1- Babies- this is an easiest category aside from poor udders. We almost never keep kids from first fresheners unless it is a very special breeding or we need the kid as a herd replacement. We just don't have space for them! When we first started breeding seriously, we used to freshen every doe kid ourselves or place them in local homes so we could see them freshen, that way we knew quickly what our bucks were doing. This allowed us to improve our quality very quickly.


2- Age- We try VERY hard to limit ourselves to a maximum of 3 does in each age class. Our herd is weighted too much to older does right now (over 5). We will have 10 does in milk in this age group this year and a handful more that are not kept in milk! The oldest that most people want to buy a milker for either milk or breeding purposes is usually 5, so if the doe has already served her place in our breeding program or is not showing well enough in our area, we will try to move her on by the time she is 5.


3- Appraisal scores- We are not as hard on young does in their scores as we are for mature does. We know that our lines are truly slow to mature, and if we see what we like in a young doe, we do not panic. On the other hand, we do not keep does that appraise 80 or below unless there is a really good reason! Penny (one of our foundation does) only appraised 81 +++V as a ff two year old, but the next year she scored 89 EVEV. We do however use the scores we see in a family line to make decisions- for example if a daughter is showing no improvement over the dam in a certain area, then we might sell her, and sometimes the dam also if NONE of her daughters have ever shown improvement. (Especially if it is a trait we are picky about.)


4- Milk- Our focus is breeding animals that will function well for the creamery we hope to someday open. With that in mind, we have focused on maintaining high components in our herd, with a focus toward cheese yields. Someday we do hope to test our does for casein gene type, but for now we just go off of what we get from making cheese. Flavor is important to us- we like sweet, rich milk over volume. We sell milkers that have consistently lower butterfat numbers unless they are milking over 12# a day.

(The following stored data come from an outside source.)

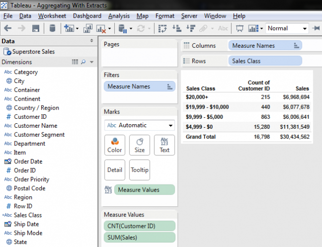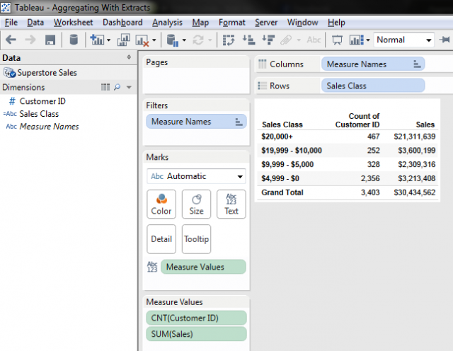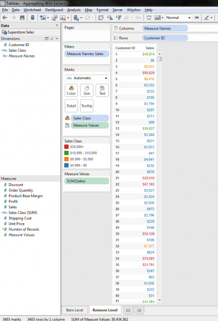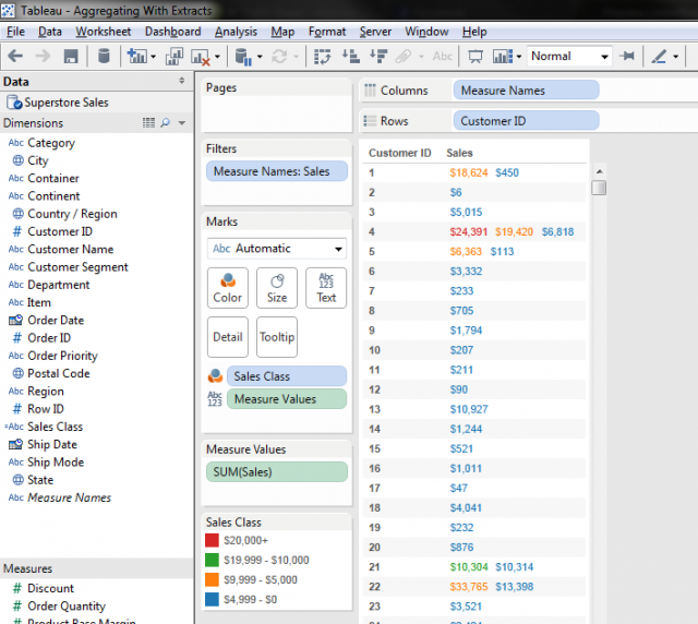 Thankfully, and unfortunately in this case, Tableau is still properly applying our row level calculation according to each item every customer has purchased. So, why is there only two entries, and why is one entry over $18k and colored orange according to the $9,999 – $5,000 range? If you look carefully at the previous screen shot, Tableau has summed up all like classifications. We had three items for Customer #1, each item in the $9,999 – $5,000 range, totaling $18,624. The rest were all items at or below the $4,999 threshold. Not exactly the result we intended. The calculation is unable to roll up according to the Customer level. But wait…here’s the great news. We can once again utilize the power of extracts to help for this scenario!
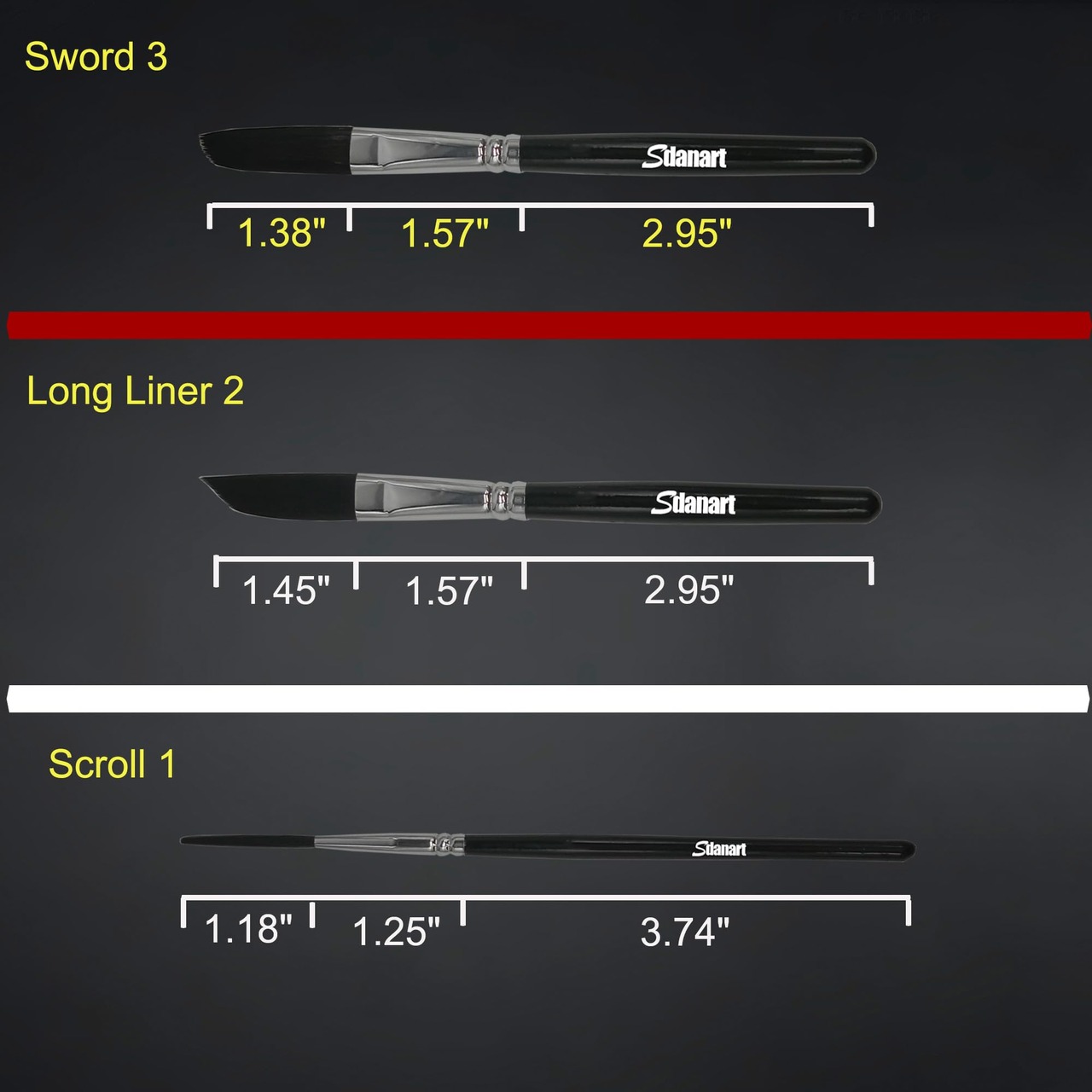 Sdanart ピンストライプブラシ 3本 高性能ストライプブラシ ロングライナーブラシ スクリプトライナーブラシ ソードブラシ スクロールブラシ プロフェッショナルアートペイントブラシ
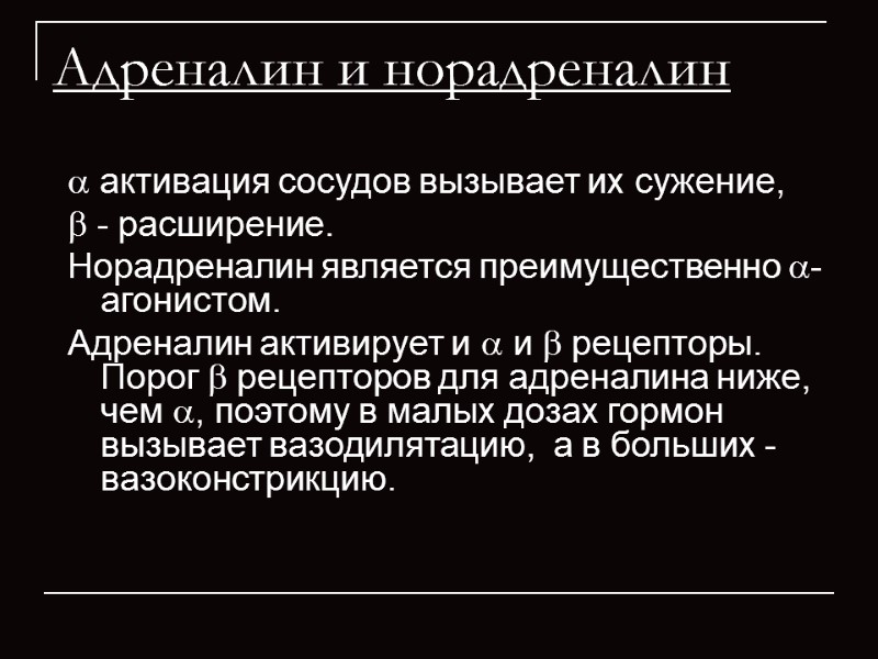 Адреналин и норадреналин активация сосудов вызывает их сужение, - расширение. Норадреналин является преимущественно -агонистом. Адреналин активирует и и рецепторы. Порог рецепторов для адреналина ниже, чем , поэтому в малых дозах гормон вызывает вазодилятацию, а в больших - вазоконстрикцию.
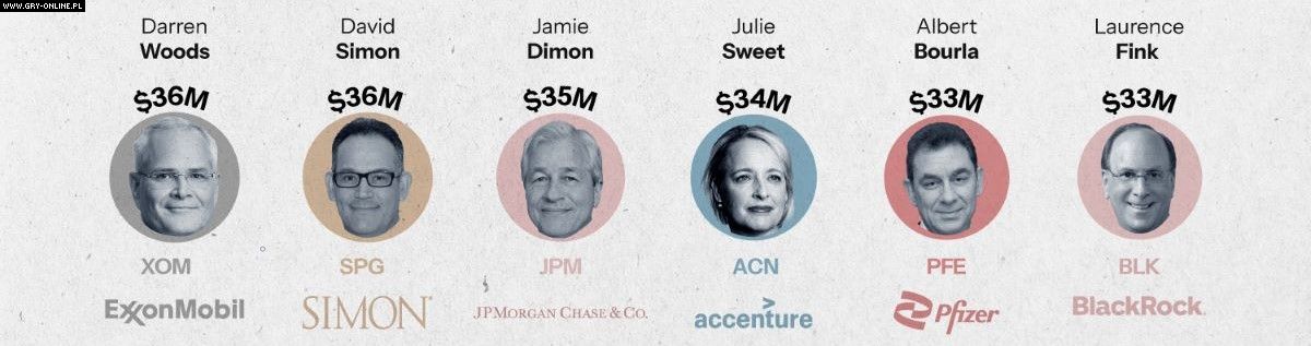Warto wspomnieć, że na wynagrodzenie prezesów elitarnych firm w dużym stopniu składają się akcje danego przedsiębiorstwa. Rzeczywiste wynagrodzenie, które szefowie otrzymali, może być znacząco mniejsze z powodów nieustannych zmian zachodzących na rynku.
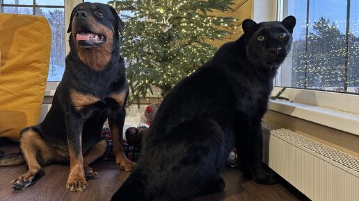 Рождество с пантерой Луной и семьей 🎄🐾😸
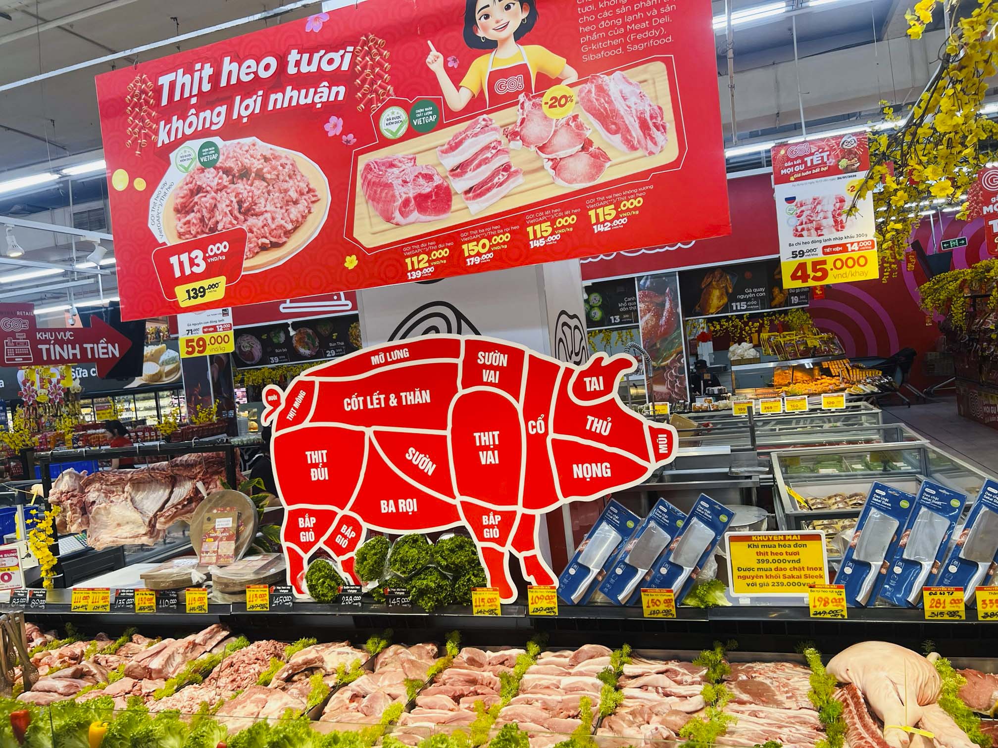 Đặc biệt, trong dịp này, tại hệ thống siêu thị GO! còn thực hiện thêm các chương trình hoạt náo hấp dẫn, như: Đập heo đất trúng thưởng, pha lóc, sampling, minigame; áp dụng khuyến mãi hấp dẫn: bộ 2 thớt gỗ chỉ 99.000 đồng (giá thường 109.000 đồng/bộ) khi mua từ 199.000 thịt heo tươi; dao chặt độc quyền từ GO! và Tops Market giá chỉ 239.000 đồng (giá thường 389.000 đồng/chiếc) khi mua từ từ 399.000 đồng thịt heo tươi,…
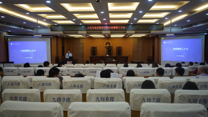 2024年5月6日,av中文 召开全院教职工大会,传达学校重要会议精神,并对本科教育教学审核评估、学位点周期性合格评估等重要工作进行部署。会议由院长高志宏主持,全体院领导班子成员、教职工参加会议。

Somatic cell count counts here more now- we may use a doe that has had mastitis as a brood doe, but we are aiming to lower our SCC over the herd. Does need to be able to hold their milk and not leak after 12-14 hours (confession- I am afraid our management is not consistent!)


5- Condition/Personality- We sell does that do not thrive in our management. We do not have the time to baby a doe that is stressed by living with 20 other does, we find her a home in a smaller herd. A favorite story of mine is a doe we used for a year that just didn't do that great as a milker here. She went back to her 'mother' herd (about the same size as ours) and didn't do that great there. At about 2 months fresh, on her 3rd lactation, she moved into a very small herd of Alpines. Believe it or not, she took over as queen, and her milk production jumped to 10-12 lbs a day. She filled out and grew happy. She needed a small herd, and apparently to be in charge!


For several years, I kicked myself about does that didn't grow as well, or keep weight on as well. Then I realized that in the same age group, with the exact same management, I had does that were fat, happy and milking their socks off. It was an 'Aha!' moment! I know now that some does aren't going to perform without extra grain, supplements, smaller herd size, etc. I want ladies that perform well on what I can give them.


We will also sell a trouble maker, especially a noisy one. I know, I know- I raise Nubians, but we actually have an almost silent herd of goats! Most of our ladies are almost silent, like their vocal cords are broken, and we like it that way! If a doe is constantly threatening the status quo, especially our herd queen, they go away.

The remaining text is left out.